A new gravimetric geoid model, USGG2009 (see Abbreviations), has been developed for the United States and its territories including the Conterminous US (CONUS), Alaska, Hawaii, Guam, the Commonwealth of the Northern Mariana Islands, American Samoa, Puerto Rico and the US Virgin Islands. USGG2009 is based on a 1′ × 1′ gravity grid derived from the NGS surface gravity data and the DNSC08 altimetry-derived anomalies, the SRTM-DTED1 3′′ DEM for its topographic reductions, and the global geopotential model EGM08 as a reference model. USGG2009 geoid heights are compared with control values determined at 18,398 Bench Marks over CONUS, where both the ellipsoidal height above NAD 83 and the Helmert orthometric height above NAVD 88 are known.
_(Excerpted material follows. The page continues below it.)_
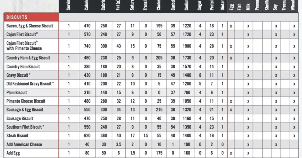 Want a better overview of Bojangles’ Biscuit Calories? Use the table below to scan them quickly.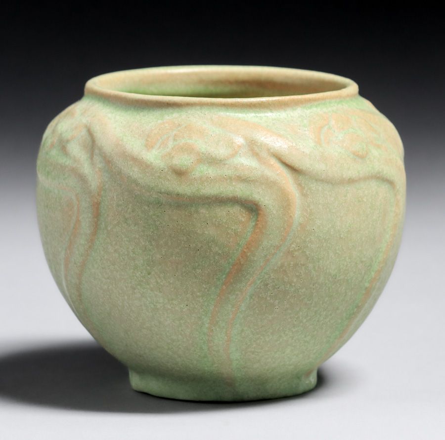 Van Briggle #695 Spherical Vase c1908-1911. Signed. Perfect condition. 3 5/8"h x 4.5"d SOLD

Correcting for the ellipsoidal datum difference, this permits a comparison of the geoid heights to independent data. The standard deviation of the differences is 6.3 cm in contrast to 8.4 cm for its immediate predecessor— USGG2003. To minimize the effect of long-wavelength errors that are known to exist in NAVD88, these comparisons were made on a state-by-state basis. The standard deviations of the differences range from 3–5 cm in eastern states to about 6–9 cm in the more mountainous western states. If the GPS/Bench Marks-derived geoid heights are corrected by removing a GRACE-derived estimate of the long-wavelength NAVD88 errors before the comparison, the standard deviation of their differences from USGG2009 drops to 4.3 cm nationally and 2–4 cm in eastern states and 4–8 in states with a maximum error of 26.4 cm in California and minimum of −32.1 cm in Washington. USGG2009 is also compared with geoid heights derived from 40 tide-gauges and a physical dynamic ocean topography model in the Gulf of Mexico; the mean of the differences is 3.3 cm and their standard deviation is 5.0 cm. When USGG2009-derived deflections of the vertical are compared with 3,415 observed surface astro-geodetic deflections, the standard deviation of the differences in the N–S and E–W components are 0.87′′ and 0.94′′, respectively.